Lupe’s Lasers Lacks Love, Loses Listeners

Promotional image for rapper Lupe Fiasco.
COURTESY OF ATLANTIC RECORDS
Bright Lights: After being delayed for more than a year, Lupe Fiasco’s Lasers finally hit store shelves on March 8.

Amid controversy surrounding his third studio album, Chicago based MC Lupe Fiasco’s highly anticipated Album Lasers has finally dropped.

With pressure coming from Atlantic Records to change the music’s sound and a postponed release date due to conflicts between both parties, the long delayed record is not what fans or critics—including Lupe Fiasco himself—came to recognize the acclaimed rapper for.

The follow up to 2007’s Grammy award-nominated The Cool, Lasers struggles to find its own voice in almost every song.

In “I Don’t Wanna Care Right Now” featuring MDMA, Fiasco’s trademark deep-meaning, intricate lyrics are sacrificed for an upbeat electro-pop experience. The result leaves you feeling like Fiasco mailed in his verses, and like the title of the song implies, really didn’t want to care.

The disconnection with the music is evident throughout the album.

As explained in a February interview with Complex Magazine, when discussing the album’s first single “The Show Goes On”, Fiasco said, “I didn’t have anything to do with that record. It was the label’s [record].”

Even with the record’s struggles, Fiasco’s talent manages to appear, briefly, on a pair of songs.

“Words I Never Said”, the albums second single, is a heavily political-driven assault on topics such as a biased media, government corruption and worldwide violence.
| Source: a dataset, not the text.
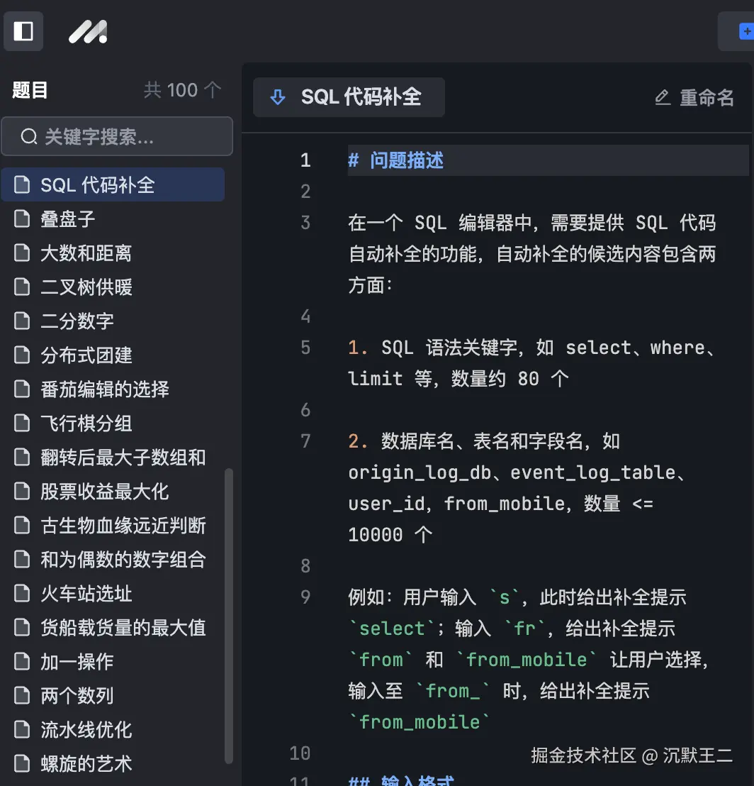 刷题主界面分为左右半区,左半区是题目列表和题目描述,目前已收录了 100 道大厂真题(未来还会继续扩充题库),基本上能应付大多数公司的笔试题目了。

The song features a chorus from Grammy-nominated female vocalist Skylar Grey.

“All Black Everything”—the Album’s 11th track—is billed as another intelligent, well-conceived tune dealing with race, government, and social stature that includes Fiasco’s trademark lingering message of positive social change.

Though glimmers of a once-heard Fiasco appear, overall, Lasers doesn’t make the cut. The lack of a collective musical theme has the album falling short, even to loyal Lupe fans.

For many, the album’s delay was indefinite, not just in the years and months that actually passed, but because after listening to Lasers, you never really hear the Lupe Fiasco we are all used to.